UK Storms Wash Out Railway Line, Thousands Without Power Supply, Residents Advised to Brace for More Rains, Floods
By Esther Tanquintic-Misa | February 6, 2014 5:13 PM EST
Waves as high as 60 feet that lashed along Britain's shorelines have washed out portions of a 150-year old railway line into the sea. Residents have been advised to brace for more rains and potential flooding into the weekend.
An 80-metre stretch of the Great Western rail was washed out into the sea as the section of the Dawlish sea wall collapsed under the weight of crashing waves. Its ballast and foundations were seen falling into the sea as high mighty waves lapped up against it.

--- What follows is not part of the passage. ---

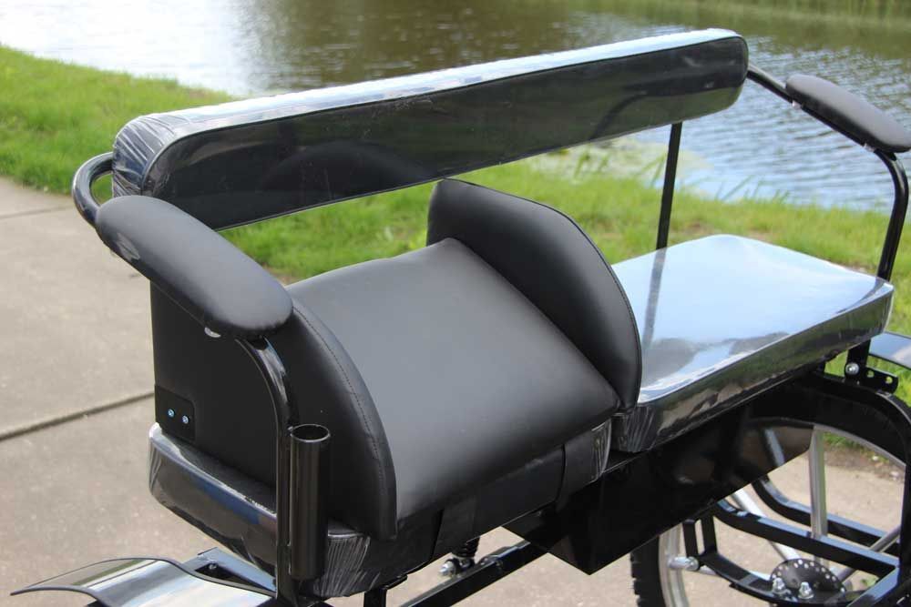 Kenmerken - stevige wielen 21 x 2,75" met dikke, stevige spaken - schaarhoogte 1,15 - 1,55 m - schaarlengte 1,75 m (andere lengtes zijn verkrijgbaar als accessoires) - buisdiameter aan de schaar 38 mm - Zitbreedte 106 cm, voor twee personen - Geveerde zitting - Spoorbreedte ca. 106 cm - Lengte ca. 2,0 m

"I can't believe it, I am shell shocked. I feel I have been in a battle zone," 62-year old musician Robert Parker told the Mirror. "I have lived here 14 years and never seen anything like this."
FirstGroup Plc's First Great Western franchise, operator of the 200-km/h express trains on the route, suspended operations beyond Exeter "until further notice."
"We're on site at a number of locations in the southwest of England and are making repairs where the weather conditions permit," Network Rail said on its Web site. "We'll carry out an initial assessment of the damage at Dawlish as soon as the weather subsides to help us identify the extent and scope of repairs required."
On Tuesday, about 44,000 customers had been affected by power cuts, according to the Western Power Distribution. While some has been reconnected, around 953 customers still remained without electricity across the South West, while 490 were still cut off in Cornwall.
Forecasters warned residents to brace for more rains and potential floods into the weekend.
"The unsettled weather will continue over the coming days with heavy rain across the southern half of Britain on Thursday evening into Friday, and that will be quickly followed by another storm moving in early on Saturday," Andy Page, Met Office chief meteorologist, said.
"This will bring the risk of flooding and damaging winds bringing down trees to cause disruption to travel and power networks."
The public could expect 20-30mm of rain throughout the day.